THIS ANNOUNCEMENT AND THE INFORMATION CONTAINED HEREIN IS NOT FOR PUBLICATION, RELEASE, OR DISTRIBUTION, DIRECTLY OR INDIRECTLY, IN, OR INTO, THE UNITED STATES, AUSTRALIA, CANADA, JAPAN, SOUTH AFRICA OR ANY JURISDICTION IN WHICH THE SAME WOULD BE UNLAWFUL OR TO U.S. PERSONS. THE INFORMATION CONTAINED HEREIN DOES NOT CONSTITUTE AN OFFER OF SECURITIES FOR SALE IN ANY JURISDICTION.

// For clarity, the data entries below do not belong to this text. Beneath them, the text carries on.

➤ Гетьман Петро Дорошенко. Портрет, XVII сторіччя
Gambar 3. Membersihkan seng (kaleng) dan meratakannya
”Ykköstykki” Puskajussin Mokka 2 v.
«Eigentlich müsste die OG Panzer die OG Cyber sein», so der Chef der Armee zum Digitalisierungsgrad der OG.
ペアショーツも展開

- Solid continued performance from the Company’s investment portfolio
- The portfolio has continued to perform in line with expectations, enabling a 2.7% half-year dividend increase to 3.78 pence per share[i], and confidence in the portfolio’s future operational performance allows the Board to reconfirm its full-year dividend targets for 2021 and 2022 at 7.55 pence per share and 7.74 pence per share, respectively[ii]
- The Company invested a total of £22.3 million into the social accommodation and digital infrastructure sectors further diversifying the portfolio
- The Company’s investment case and the attractiveness of the portfolio was reaffirmed in successfully raising £135 million of new capital, exceeding the Board’s £100 million target, in July 2021
- The impact of the UK corporation tax increase announced earlier in 2021, the strength of Sterling against other currencies and the period’s interim dividend payment contributed to a 1.4% decrease in NAV per share to 145.1 pence per share (31 December 2020: 147.1 pence)

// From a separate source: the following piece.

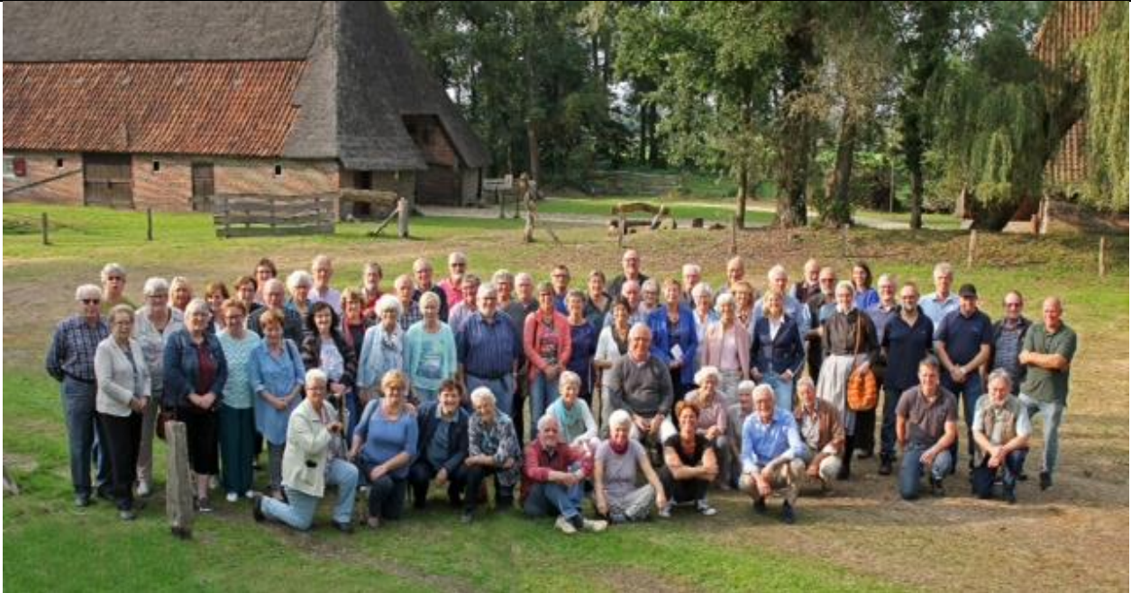
Foto: Het menselijk kapitaal van de vereniging, vrijwilligers, medewerkers en bestuur. Een deel daarvan is hier op werkbezoek

Ook het jaarverslag, met bijdragen van verschillende personen is bij de ingang te vinden en evenzeer op de site te vinden.

- During the period, the portfolio experienced limited further disruption from the pandemic, however the Company has maintained its precautionary approach to the valuation of certain specific risks in the portfolio
- Over the period, the Company began adopting the recommendations of the Taskforce for Climate-related Financial Disclosures (‘TCFD’) and aligning its investment approval processes with the objectives of the Paris Agreement
- The Company’s revolving credit facility was renewed for the next three years with a £250 million committed facility and a £150 million accordion tranche. The facility was £56 million drawn at the period end but this was subsequently paid down using the proceeds from the July 2021 capital raise. The facility remains available for re-drawing
- Interim dividend increase of 2.7% to 3.78 pence per share (30 June 2020: 3.68 pence per share)[iv]

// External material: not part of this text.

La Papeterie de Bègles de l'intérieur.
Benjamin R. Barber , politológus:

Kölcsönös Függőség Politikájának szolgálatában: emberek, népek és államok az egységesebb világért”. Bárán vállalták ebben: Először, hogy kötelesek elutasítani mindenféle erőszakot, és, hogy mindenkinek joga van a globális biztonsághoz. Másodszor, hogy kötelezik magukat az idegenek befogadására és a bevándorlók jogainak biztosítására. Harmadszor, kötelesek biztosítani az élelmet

- Total shareholder return (‘TSR’) of 231.4% since IPO, equivalent to an annualised TSR of 8.5%[v]
- NAV per share of 145.1 pence (31 December 2020: 147.1 pence)
- IFRS profit before tax of £27.2 million (30 June 2020: £35.4 million)[vi]
- Portfolio inflation-linkage of 0.75% (31 December 2020: 0.78%)[vii]
- Interim cash dividend cover of 1.3x[viii]
Mike Gerrard, Chairman of International Public Partnerships, said: “I am pleased to report another period of resilient operational and financial performance by the Company. INPP’s portfolio continues to meet our expectations and provide reliable income to our shareholders and valuable essential services to the local communities in which our assets operate. The Board remains confident in the portfolio’s operational and financial resilience and its future ability to generate highly visible cash flows which underpins the Company’s investment case.”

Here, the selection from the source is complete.